After the simulation is complete and the POPF results are obtained in the four mentioned cases, using the proposed CSA optimization algorithm, the comparisons of the fuel costs of the conventional generators in the four cases can be graphically illustrated, as shown in Figure 10 for the 57-bus test network. The effect of the power generated from the PV systems is observed between hours 6 and 19. This is when solar irradiance is more effective in generating electrical power. The PV cannot be used to generate power beyond this period. On the other hand, the second type of RES connected to the systems, the wind turbine, can generate power at any time, as long as the actual wind speed is within the range of the cut-in and cut-off speeds. The cost reduction due to the integration of the WT can be observed throughout a typical day.

5.1.3. Statistical Investigation of the Classical OPF Results

The statistical analysis aims to investigate how robust the proposed CSA optimization algorithm is when solving the classical OPF optimization problem. The robustness is measured by repeating the simulation 20 times, independently. Repeated runs were also performed with the PSO and the GA. The statistical analysis was performed with the IEEE 57-bus system. The simulation results of the repeated runs of the three optimization methods are observed and compared, as shown in Table 3. Comparing the results verified the robustness of the introduced CSA optimization method.
The final test to be performed was Wilcoxon’s rank-sum test. These test results were compared among the three presented optimization methods. These comparisons are provided in Table 4. The level of significance was set at 5%. It can be seen from the test results that the h-values were equal to ‘1’. The results of Wilcoxon’s rank-sum confirmed the superiority of the proposed CSA optimization method over the PSO algorithm, the GA, and the ML-TSO in optimizing the OPF optimization problem solution.

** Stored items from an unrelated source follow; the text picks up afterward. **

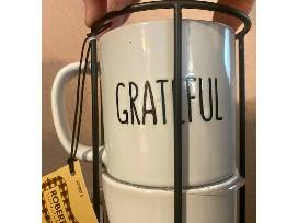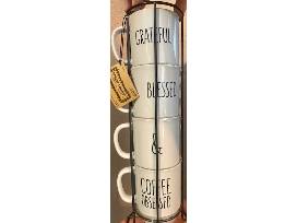 4 - 14OZ WHITE COFFEE MUGS STACKED IN A CUTE IRON TOWER WITH BLACK LETTERING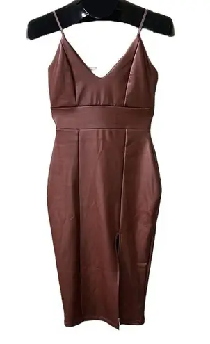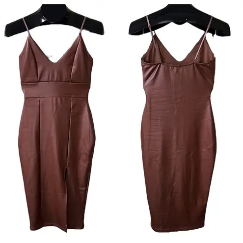 Glare faux leather bodycon dress with side slit Brown - $30 - From Stacey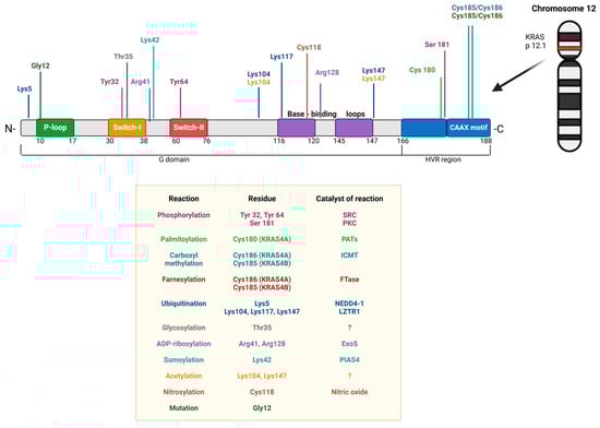 Schematic visualization of KRAS post-translational modification. Different modifications are distinguished by color in the yellow box (Phosphorylation—pink, Palmitoylation—green, Carboxylmetylation—dark green, Farnesylation—red, Ubiquitination—blue, Glycosylation—grey, ADP-ribosylation—purple, Sumolation—cyan, Acetylation—orange, Nitrosylation—brown). Switch 1 includes residues 25–40, and switch 2 includes residues 57–75, as well as the P-loop (phosphate-binding region) residues 10–17. The second lobe, comprised of residues 87–166, is a regulatory domain and contains allosteric regions such as helix 3 and loop. As found in all RAS GTPases, the HVR (hypervariable region) is located at the end of the second lobe, in K-Ras4B, comprising a 24-residue segment with the very C-terminal CAAX sequence (C, cysteine; A, aliphatic amino acid; X, any amino acid). ?—As yet unknown enzyme.

5.2. Second Test System: The IEEE 118-Bus Test Network

5.2.1. The Classical OPF Results

The same optimization problem was tackled by the GA, ML-TSO, and PSO algorithms to verify the simulation results achieved by the proposed CSA algorithm. The stopping criterion of the compared optimization methods’ simulation process was 600 iterations. The simulation results of the classical model were then compared and the results are shown in Table 5. The design variables are also included in the tables. The design variables are the power generated by conventional generators. Figure 11 provides a more graphical comparison between the convergence performance of the CSA, the GA, the ML-TSO, and the PSO in the IEEE 118-bus test system. In this figure, a focus on the last three iterations is also shown.
It can be seen that the proposed CSA optimization algorithm reached the best solution at the end of the iterations. The CSA needed no more than 200 iterations to gain a better solution, compared to the GA and the PSO algorithms. After 600 iterations, the proposed CSA optimization algorithm achieved better simulation results when solving the classical OPF than the GA by 6.585%. Compared with the PSO algorithm, the proposed CSA optimization algorithm obtained results with a 2.7392% improvement. Compared with the ML-TSO algorithm, the proposed CSA optimization algorithm obtained results with an 0.173% improvement. Generally, the objective in both the studied systems converged rapidly and smoothly.

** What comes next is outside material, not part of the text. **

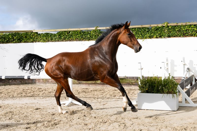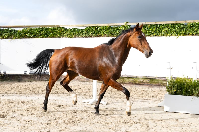 The four-year-old Roxette VE is a well-built mare showing promising caution over fences. Her seven-year-old half-brother Darco VE is now competing in 1.35m show jumping courses. Their sire, Jacquet-Go, was competed by Ruben Romp at an international level up to 1.45m. As a grandson of the 1.50m mare Ginea (dam of the 1.60m Grand Prix horses Whinny Jackson, Ness G Ninea, and Daddycool Go), he comes from an interesting pedigree. The dam, Ecapone, is a daughter of Al Capone (1.60m Grand Prix). She competed in 1.30m show jumping courses, as did her dam, Aminea (by Manhattan out of Iroko x Nimmerdor). Aminea produced four jumpers at 1.20–1.30m level and is half-sister to a 1.35m show jumper and a CCI1* eventing horse. This lineage traces back to the same foundation mare as sire Jacquet-Go.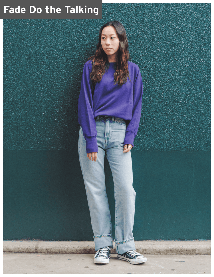 丸みのあるリブや風合いが魅力のBAY MEADOWS スウェットシャツに美しいハイウエスト&ストレートラインの701を合わせた洗練されたレトロルック。

5.2.2. The POPF with RES Uncertainties and Changing Loads

The loads were assumed to change hourly, as shown in Figure 12 [47]. The PV panels were connected to bus 4. Meanwhile, the WT was connected to bus 28. The one-line diagram of the standard IEEE 118-bus system is provided in Figure A2 in the Appendix A. The location of the PV panels is marked in red in the single-line diagram, while the sites of the WT are marked in green.
After the simulation was performed and the POPF results were obtained in the four previously mentioned cases, using the proposed CSA optimization algorithm, the comparisons of the fuel costs of the conventional generators in the four cases were established and are graphically illustrated in Figure 13 for the 118-bus system.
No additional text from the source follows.